→ WORK INSTRUCTION: All that is wanted is the exact text of the lines below from the one with "Small Round Carved" through the one with "Framing the main", inclusive, minus any pictures.

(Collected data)
BEGIN

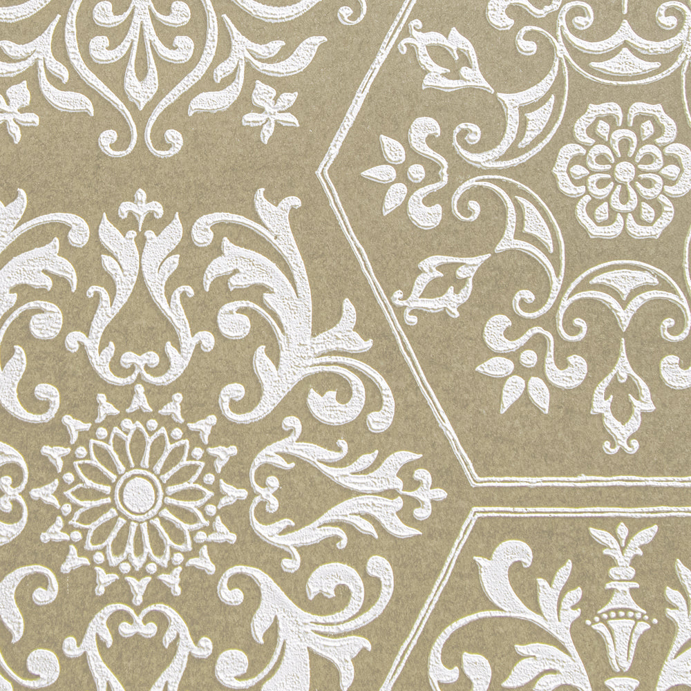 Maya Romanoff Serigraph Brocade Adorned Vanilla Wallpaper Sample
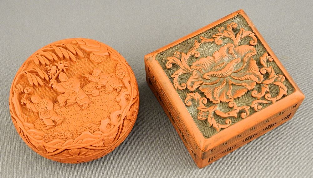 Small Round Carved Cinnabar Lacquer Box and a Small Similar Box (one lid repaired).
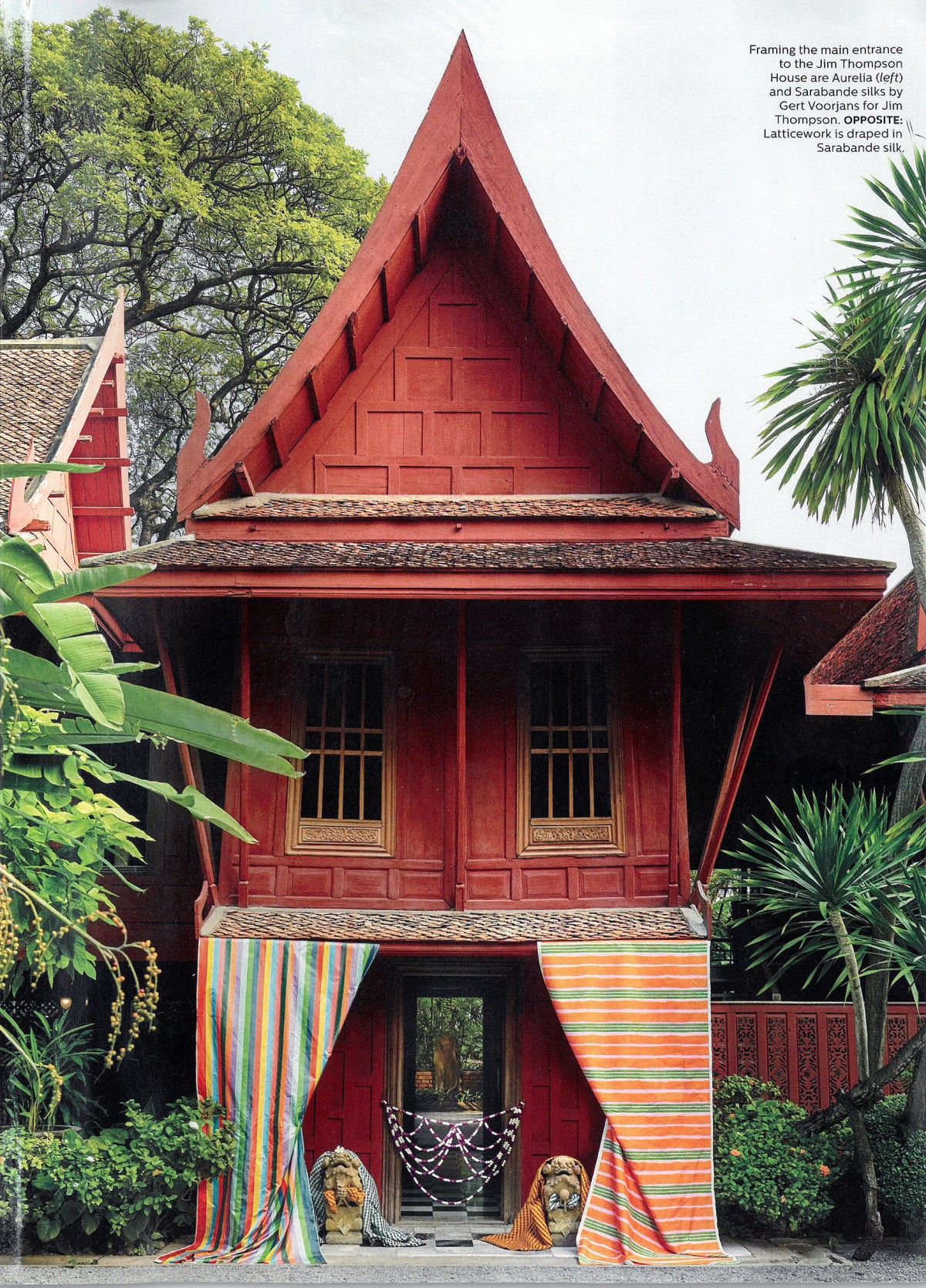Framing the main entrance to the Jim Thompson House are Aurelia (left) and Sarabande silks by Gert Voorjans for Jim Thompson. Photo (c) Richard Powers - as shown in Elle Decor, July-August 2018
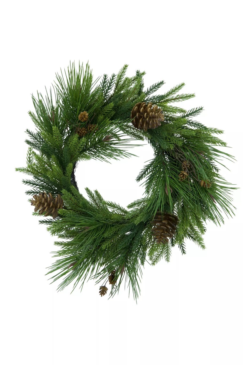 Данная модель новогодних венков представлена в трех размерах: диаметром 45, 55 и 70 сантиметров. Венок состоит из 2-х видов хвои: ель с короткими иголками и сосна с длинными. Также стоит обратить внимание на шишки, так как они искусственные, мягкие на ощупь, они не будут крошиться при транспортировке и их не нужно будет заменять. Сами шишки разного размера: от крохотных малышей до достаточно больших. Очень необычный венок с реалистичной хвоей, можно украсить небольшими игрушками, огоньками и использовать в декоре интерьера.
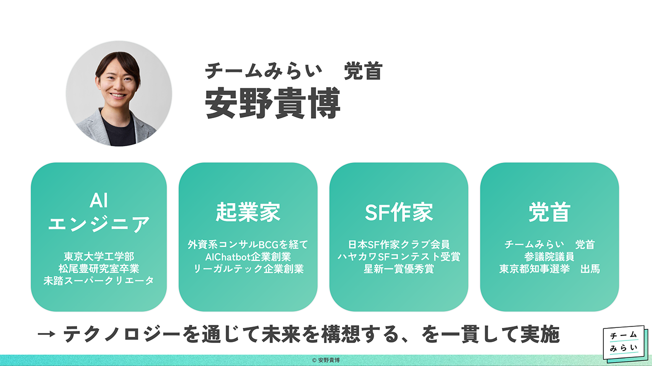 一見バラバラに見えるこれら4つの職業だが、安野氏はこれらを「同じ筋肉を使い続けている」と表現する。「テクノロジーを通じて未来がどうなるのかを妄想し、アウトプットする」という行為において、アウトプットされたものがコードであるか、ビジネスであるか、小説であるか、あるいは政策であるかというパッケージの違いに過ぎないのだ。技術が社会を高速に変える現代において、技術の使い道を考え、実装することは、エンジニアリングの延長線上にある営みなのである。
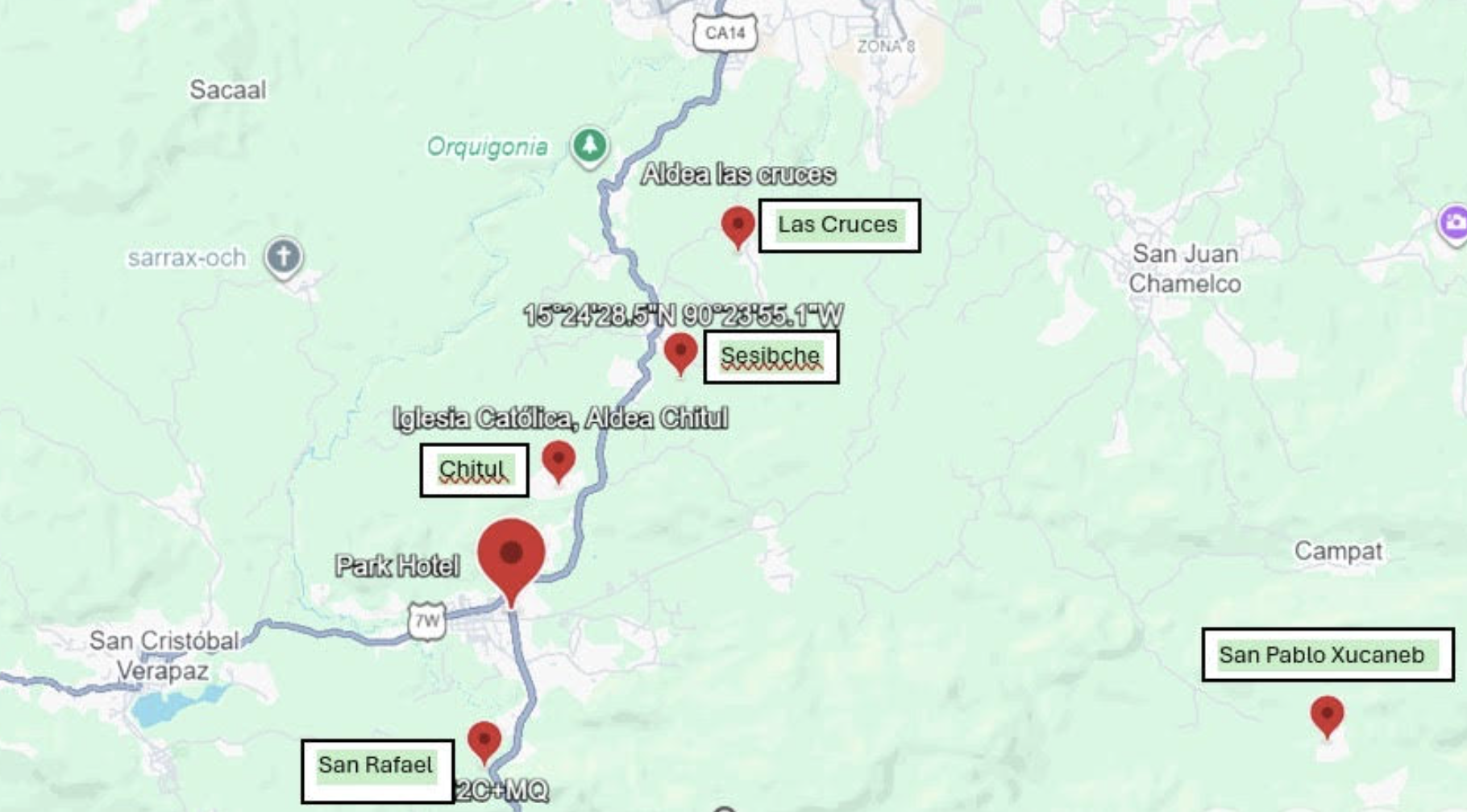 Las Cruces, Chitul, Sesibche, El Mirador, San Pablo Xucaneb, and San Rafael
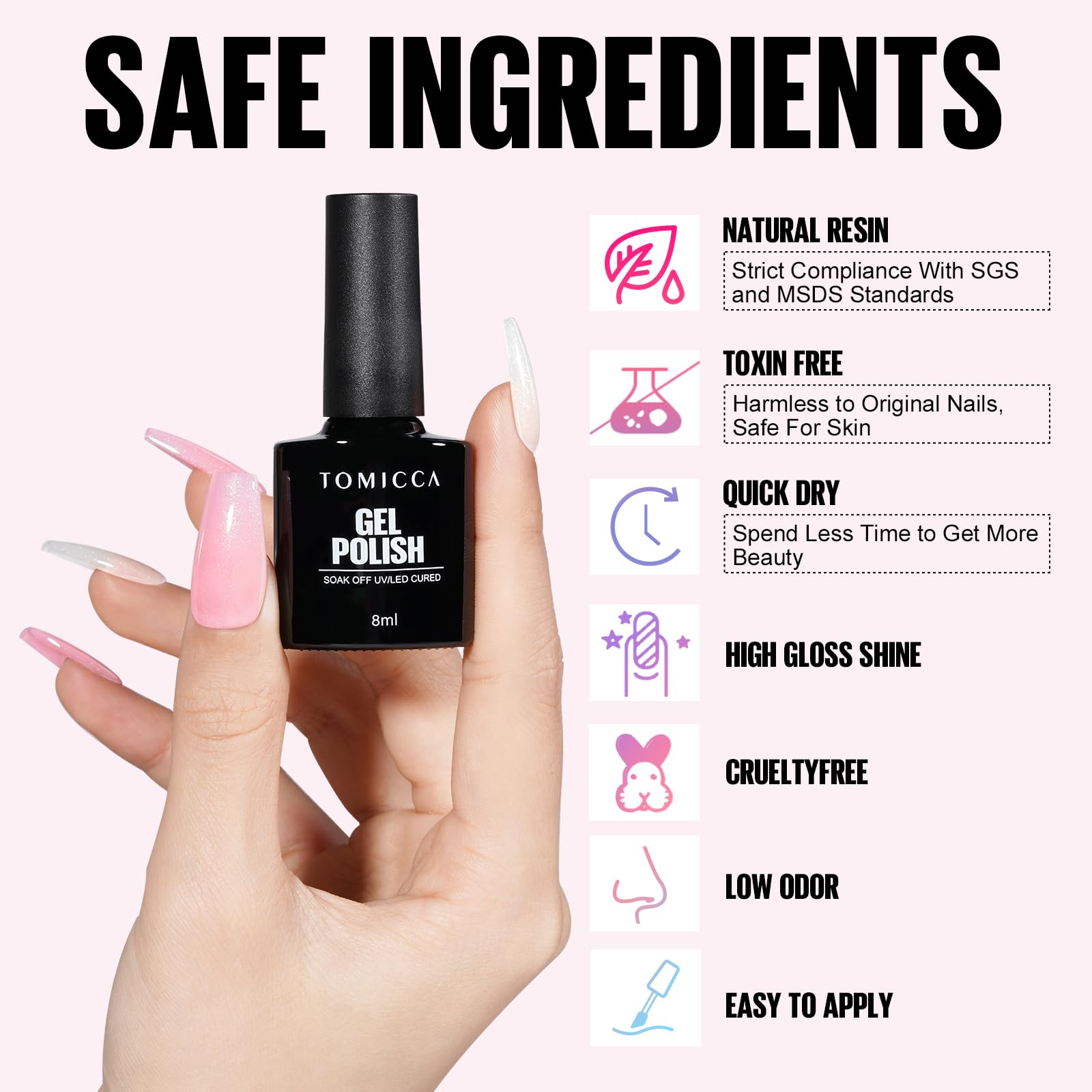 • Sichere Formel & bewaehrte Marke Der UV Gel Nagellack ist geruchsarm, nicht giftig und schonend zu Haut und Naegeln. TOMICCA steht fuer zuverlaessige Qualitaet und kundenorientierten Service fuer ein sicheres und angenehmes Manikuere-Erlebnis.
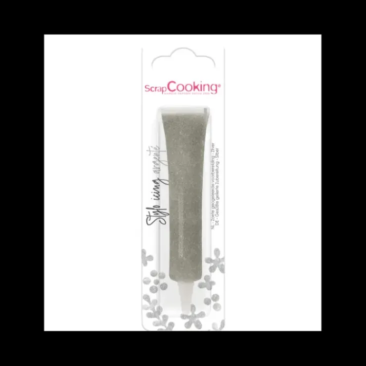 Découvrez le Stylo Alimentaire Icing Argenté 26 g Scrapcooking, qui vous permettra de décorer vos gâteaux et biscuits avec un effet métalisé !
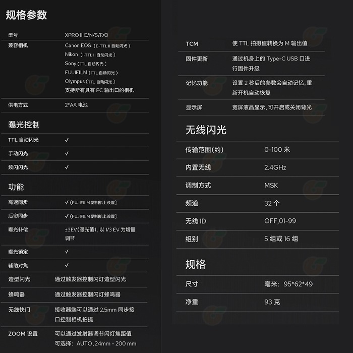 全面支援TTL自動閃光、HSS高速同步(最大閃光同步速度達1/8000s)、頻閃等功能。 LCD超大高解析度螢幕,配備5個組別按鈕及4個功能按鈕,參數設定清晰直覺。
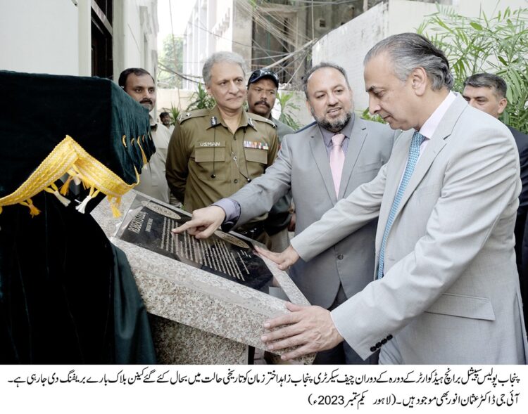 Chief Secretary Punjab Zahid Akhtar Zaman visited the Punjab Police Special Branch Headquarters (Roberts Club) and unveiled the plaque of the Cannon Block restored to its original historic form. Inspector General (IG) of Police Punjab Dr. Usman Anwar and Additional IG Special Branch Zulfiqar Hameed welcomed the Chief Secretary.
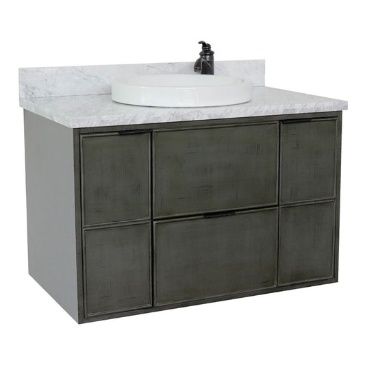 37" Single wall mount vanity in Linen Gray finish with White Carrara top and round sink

END

→ RESPONSE BOX:
 Small Round Carved Cinnabar Lacquer Box and a Small Similar Box (one lid repaired).
Framing the main entrance to the Jim Thompson House are Aurelia (left) and Sarabande silks by Gert Voorjans for Jim Thompson. Photo (c) Richard Powers - as shown in Elle Decor, July-August 2018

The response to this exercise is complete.